Yes, again a question about unicode and Python. I thought I've read it all and adopted good programming practice after you guys opened my mind about Unicode,but this error came back at me :

'ascii' codec can't encode character u'\xc0' in position 24: ordinal not in range(128)

I'm using scrapy with Python 2.7, so whats coming from "outside world" are web page properly decoded and processed with xpath as can be seen by an empty error log coming from those checks just before the exception:

if not isinstance(key, unicode):
    logging.error(u"Key is not unicode: %s" % key)

if not isinstance(value, unicode):
    logging.error(u"value is not unicode: %s" % value)

if not isinstance(item['listingId'], int):
    logging.error(u"item['listingId'] is not an int:%s" % item['listingId'])

But then, when the MySql transaction is hapening on the next line:

d = txn.execute("INSERT IGNORE INTO `listingsDetails` VALUE (%s, %s, %s);", (item['listingId'], key, value))

I still get this exception from time to time. (1% of pages) Notice the "pipeline.py" line 403 which is the MySql INSERT.
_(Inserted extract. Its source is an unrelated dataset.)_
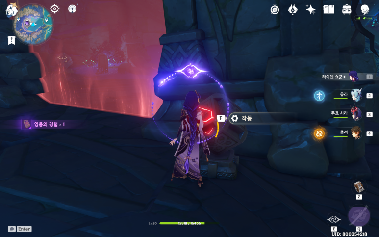 옆의 장치를 작동시켜서 결계를 해제하고 들어가 줍니다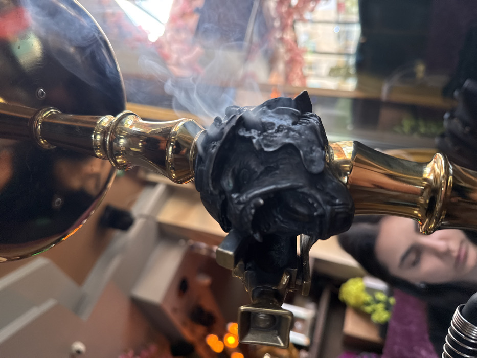 The image displays a close-up, upward-angled view of the upper portion of a brass-toned hookah stem. A prominent feature is a dark, matte, sculpted head, resembling a snarling primate or mythical creature, affixed to the stem. White smoke is actively emanating from around this sculpted head and the reflective charcoal tray positioned directly above it, signifying the hookah is in use. A horizontal, brass-colored component extends from the side of the sculpted head. The background is largely out of focus, depicting an indoor public establishment in Sofia, Bulgaria, likely a lounge or cafe. To the right, blurred reddish-orange foliage is visible through what appears to be a window, suggesting an outdoor view or decorative elements. The left side of the background reveals warm, blurred orange lights, a ceiling-mounted security camera, and a highly blurred individual with dark hair, seated and looking downwards. Further interior details include hints of yellow flowers and a purple, textured seating surface. The scene is consistent with a contemporary social venue.

2016-10-16 22:22:10 [Listings] ERROR: [Failure instance: Traceback:     <type 'exceptions.UnicodeEncodeError'>: 'ascii' codec can't encode character u'\xc0' in position 24: ordinal not in range(128)
/usr/lib/python2.7/threading.py:801:__bootstrap_inner
/usr/lib/python2.7/threading.py:754:run
/usr/lib/python2.7/dist-packages/twisted/_threads/_threadworker.py:46:work
/usr/lib/python2.7/dist-packages/twisted/_threads/_team.py:190:doWork
--- <exception caught here> ---
/usr/lib/python2.7/dist-packages/twisted/python/threadpool.py:246:inContext
/usr/lib/python2.7/dist-packages/twisted/python/threadpool.py:262:<lambda>
/usr/lib/python2.7/dist-packages/twisted/python/context.py:118:callWithContext
/usr/lib/python2.7/dist-packages/twisted/python/context.py:81:callWithContext
/usr/lib/python2.7/dist-packages/twisted/enterprise/adbapi.py:445:_runInteraction
/home/mrme/git/rep/scrapy_prj/firstproject/firstproject/pipelines.py:403:_do_upsert
/usr/lib/python2.7/dist-packages/MySQLdb/cursors.py:228:execute
/usr/lib/python2.7/dist-packages/MySQLdb/cursors.py:127:_warning_check
/usr/lib/python2.7/logging/__init__.py:1724:_showwarning
/usr/lib/python2.7/warnings.py:50:formatwarning

I've opened the MySql connection with:

dbargs = dict(
    host=settings['MYSQL_HOST'],
    db=settings['MYSQL_DBNAME'],
    user=settings['MYSQL_USER'],
    passwd=settings['MYSQL_PASSWD'],
    charset='utf8',
    use_unicode=True
)
dbpool = adbapi.ConnectionPool('MySQLdb', **dbargs)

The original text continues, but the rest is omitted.